→ **Problem requirements**
Output, exactly and in full, only the lines from the one containing "5) After all" to the last line of the data. Pictures should not appear.

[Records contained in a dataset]

- - - -

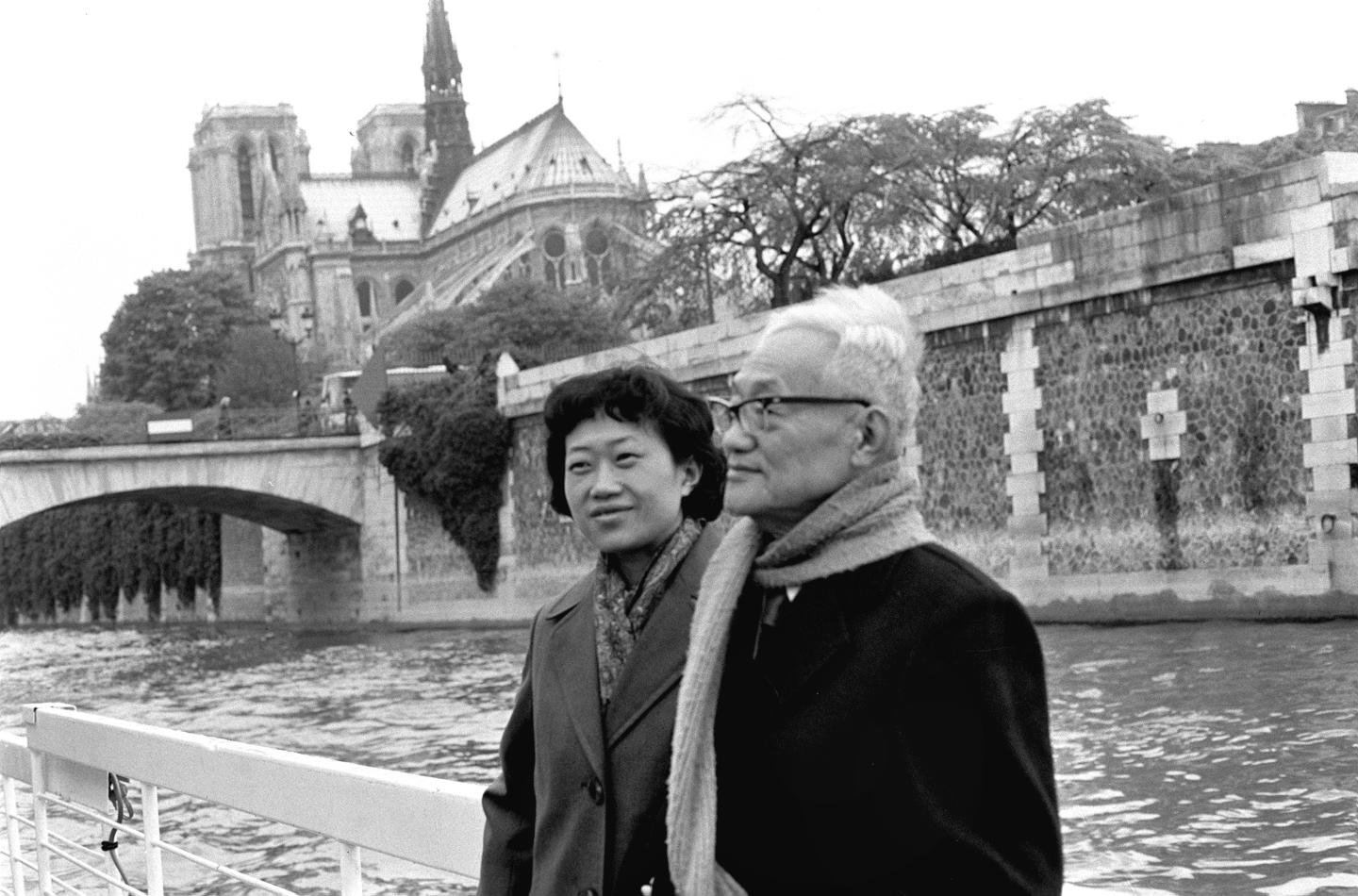 ↑1979年,中国作家代表团访问巴黎期间,著名作家巴金和女儿李小林在巴黎圣母院附近的塞纳河上留影。
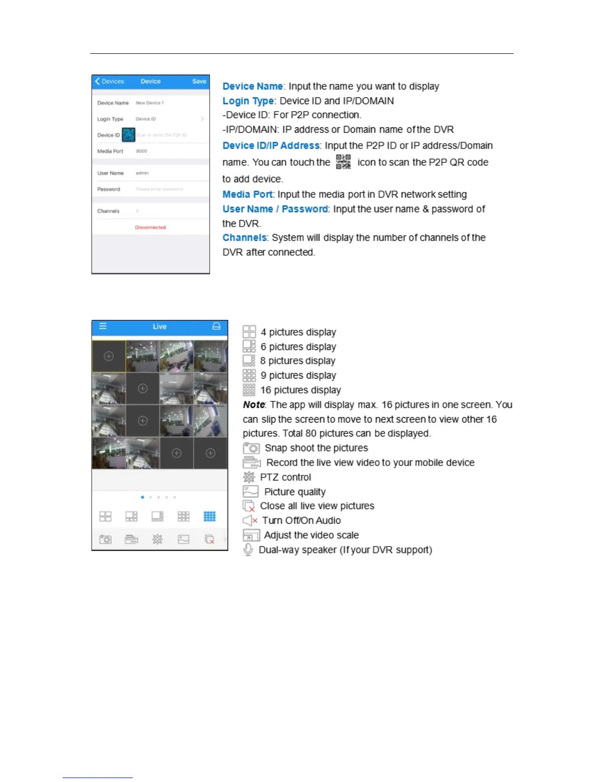 5) After all settings completed, touch Save to save, the app will turn to Live view display if the
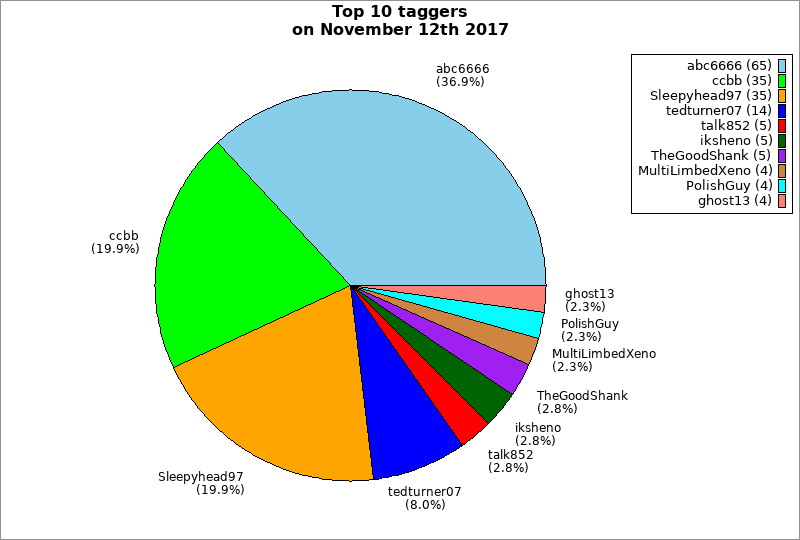 | Top 10 taggers on November 12th 2017 | ||
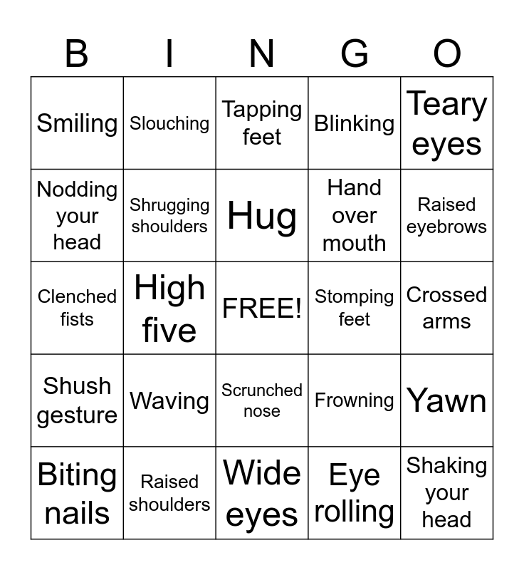 This bingo card has a free space and 28 words: Yawn, Flush cheeks, Hand over mouth, Eye rolling, Nodding your head, Tapping feet, Slouching, Shush gesture, Stomping feet, Biting nails, Clenched fists, Blinking, Raised shoulders, Wide eyes, Raised eyebrows, Avoiding eye contact, Waving, Shrugging shoulders, Hug, Scrunched nose, Smiling, Holding hands, Shaking your head, High five, Crossed arms, Frowning, Teary eyes and Head down.
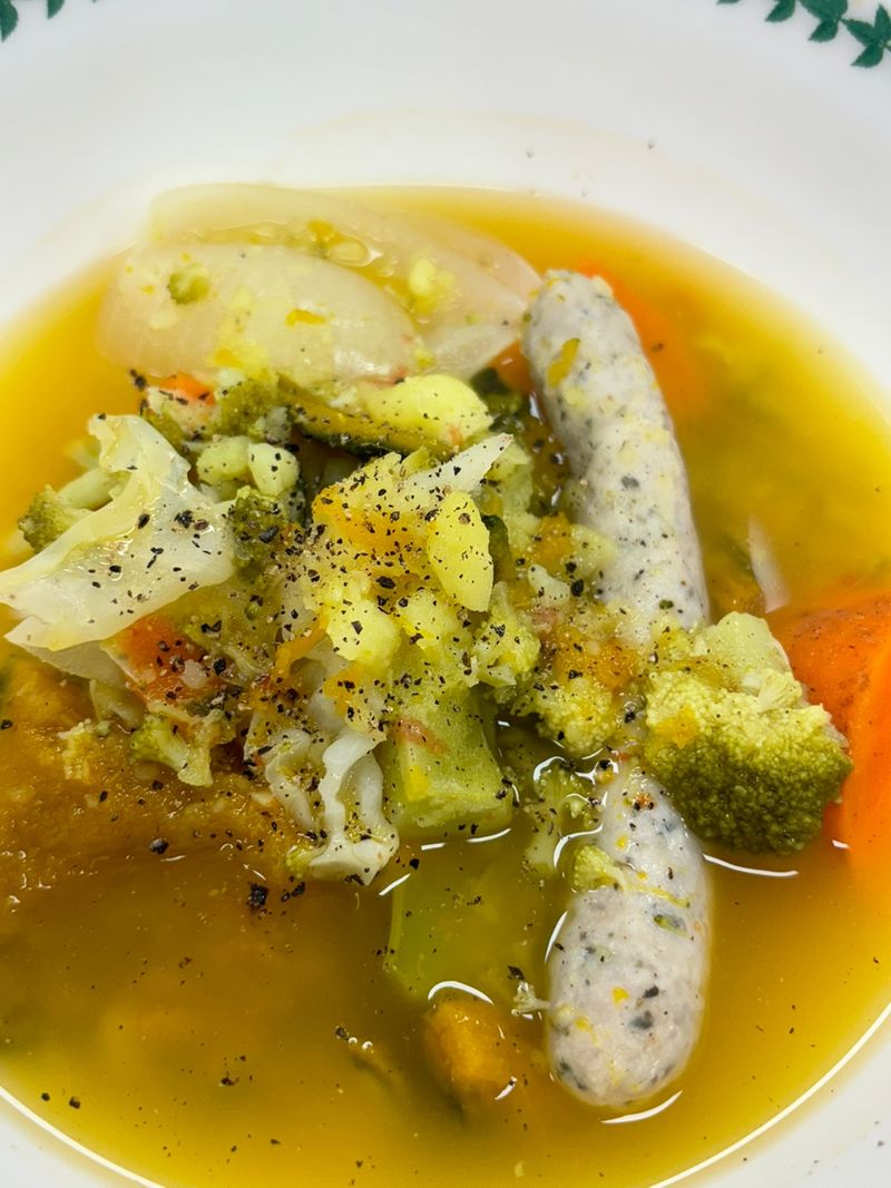 단단한 야채우선 물과 치킨스톡넣고 끓이다가 나머지야채와 소시지 넣고 끓여주면 끝입니다

- - - -

→ **Your solution**
 5) After all settings completed, touch Save to save, the app will turn to Live view display if the
 | Top 10 taggers on November 12th 2017 | ||
 This bingo card has a free space and 28 words: Yawn, Flush cheeks, Hand over mouth, Eye rolling, Nodding your head, Tapping feet, Slouching, Shush gesture, Stomping feet, Biting nails, Clenched fists, Blinking, Raised shoulders, Wide eyes, Raised eyebrows, Avoiding eye contact, Waving, Shrugging shoulders, Hug, Scrunched nose, Smiling, Holding hands, Shaking your head, High five, Crossed arms, Frowning, Teary eyes and Head down.
 단단한 야채우선 물과 치킨스톡넣고 끓이다가 나머지야채와 소시지 넣고 끓여주면 끝입니다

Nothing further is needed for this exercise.